WORK TASK. Go through the listing below, and from the line containing "Forest Edge--Orange and" through its last line, transcribe every line exactly, skipping pictures.

EXERCISE INPUT.
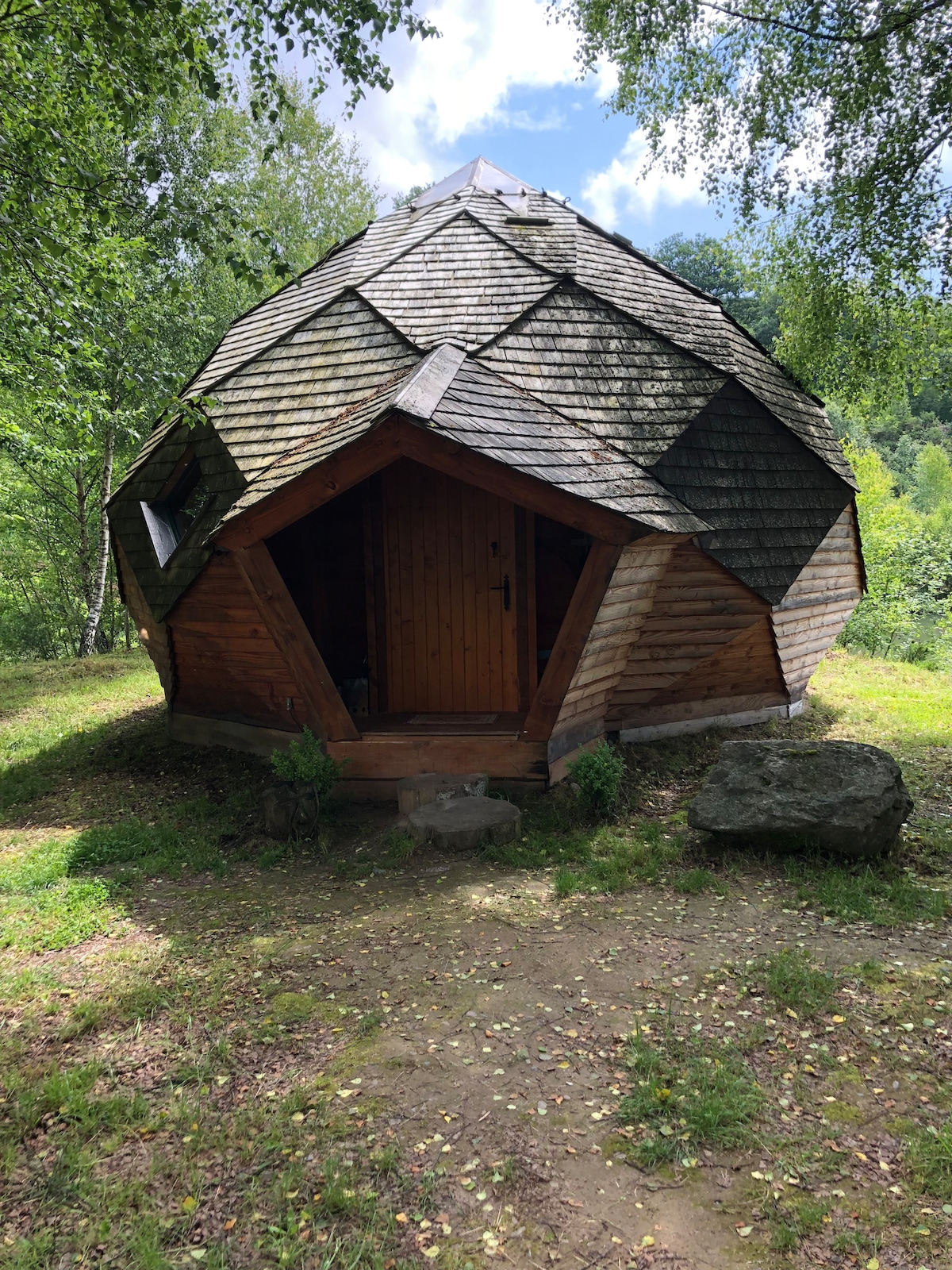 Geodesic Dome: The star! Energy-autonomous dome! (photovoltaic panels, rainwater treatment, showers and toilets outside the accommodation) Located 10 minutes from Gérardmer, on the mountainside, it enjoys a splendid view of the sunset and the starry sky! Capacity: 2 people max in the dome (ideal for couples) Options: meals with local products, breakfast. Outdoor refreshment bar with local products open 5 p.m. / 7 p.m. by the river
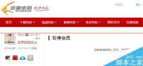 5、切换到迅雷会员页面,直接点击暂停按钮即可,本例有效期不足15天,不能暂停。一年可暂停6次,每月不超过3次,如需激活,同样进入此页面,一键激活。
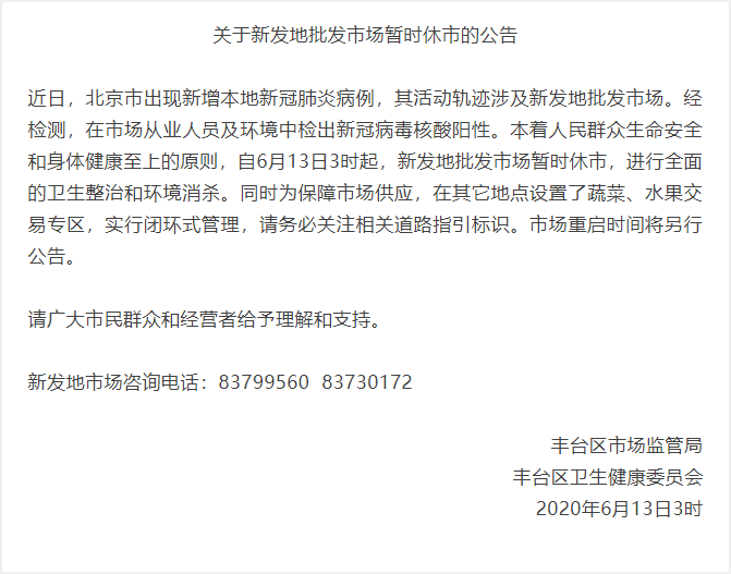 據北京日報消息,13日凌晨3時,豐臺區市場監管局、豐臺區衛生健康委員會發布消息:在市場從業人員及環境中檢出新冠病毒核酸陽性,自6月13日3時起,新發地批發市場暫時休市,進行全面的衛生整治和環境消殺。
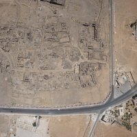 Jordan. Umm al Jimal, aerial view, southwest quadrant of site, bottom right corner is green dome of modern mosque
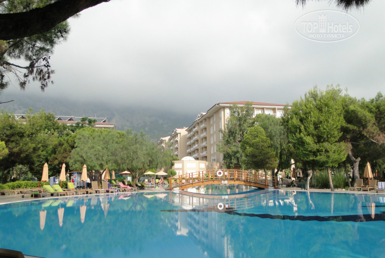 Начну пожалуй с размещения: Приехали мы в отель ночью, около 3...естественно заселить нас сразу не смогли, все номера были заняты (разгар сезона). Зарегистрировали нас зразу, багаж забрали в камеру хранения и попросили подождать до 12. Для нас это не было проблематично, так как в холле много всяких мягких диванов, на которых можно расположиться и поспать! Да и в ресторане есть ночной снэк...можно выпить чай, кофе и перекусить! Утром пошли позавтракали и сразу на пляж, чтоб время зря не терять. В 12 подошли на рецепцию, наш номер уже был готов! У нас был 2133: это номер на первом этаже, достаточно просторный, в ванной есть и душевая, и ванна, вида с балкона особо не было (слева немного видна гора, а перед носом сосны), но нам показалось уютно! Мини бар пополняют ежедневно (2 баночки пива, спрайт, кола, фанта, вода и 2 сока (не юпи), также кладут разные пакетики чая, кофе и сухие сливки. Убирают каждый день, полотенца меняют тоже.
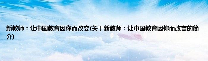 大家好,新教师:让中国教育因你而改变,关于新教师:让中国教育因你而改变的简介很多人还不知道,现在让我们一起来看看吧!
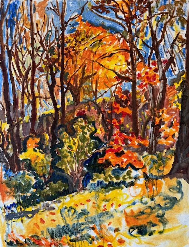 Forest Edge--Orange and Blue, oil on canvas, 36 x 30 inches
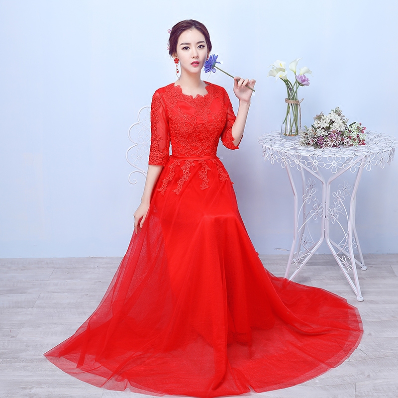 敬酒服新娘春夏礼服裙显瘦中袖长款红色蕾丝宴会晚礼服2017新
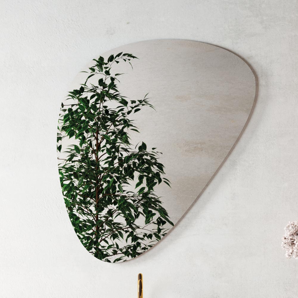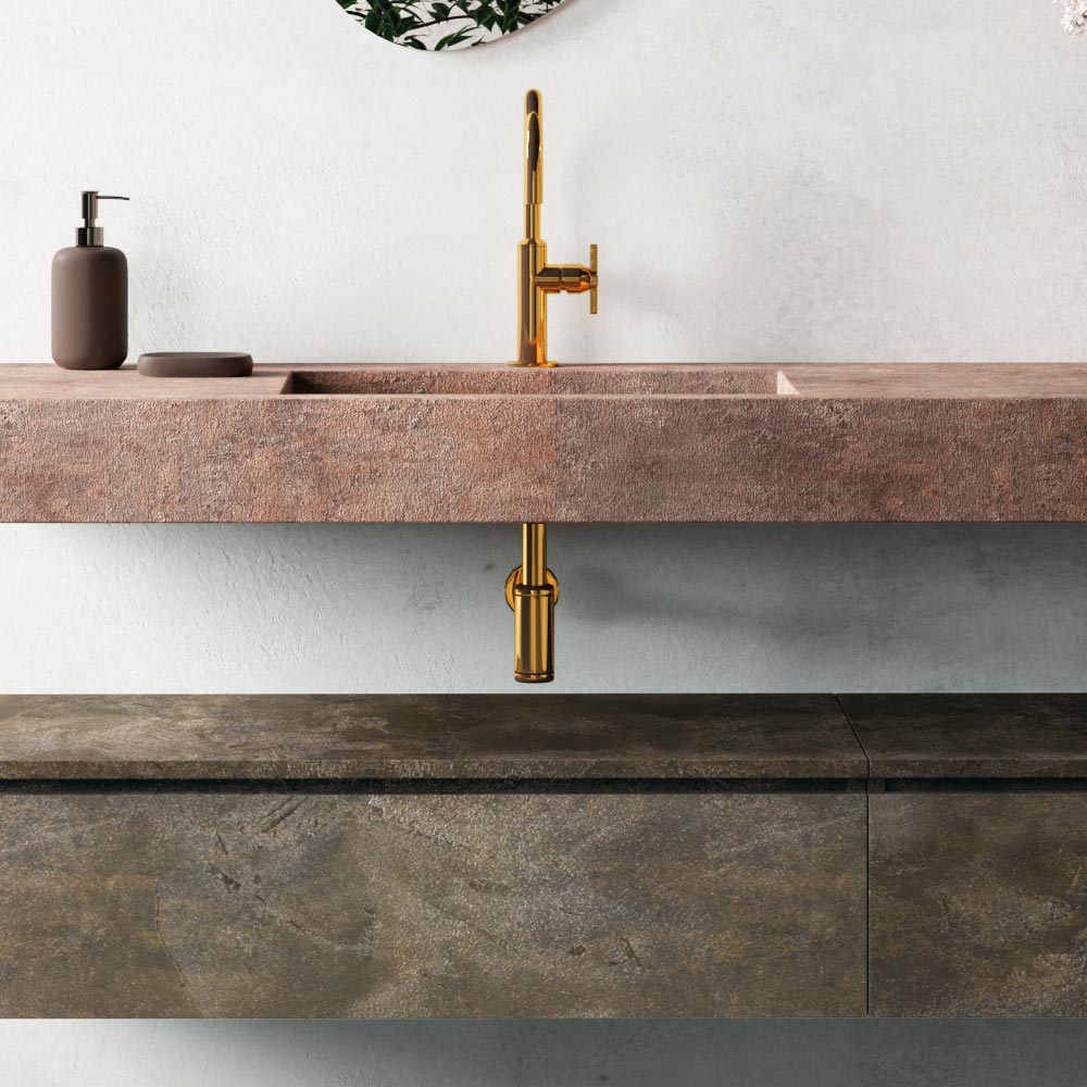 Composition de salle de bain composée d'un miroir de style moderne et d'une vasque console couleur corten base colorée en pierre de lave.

SOLUTION FOR THIS EXERCISE.
 Forest Edge--Orange and Blue, oil on canvas, 36 x 30 inches
 敬酒服新娘春夏礼服裙显瘦中袖长款红色蕾丝宴会晚礼服2017新
 Composition de salle de bain composée d'un miroir de style moderne et d'une vasque console couleur corten base colorée en pierre de lave.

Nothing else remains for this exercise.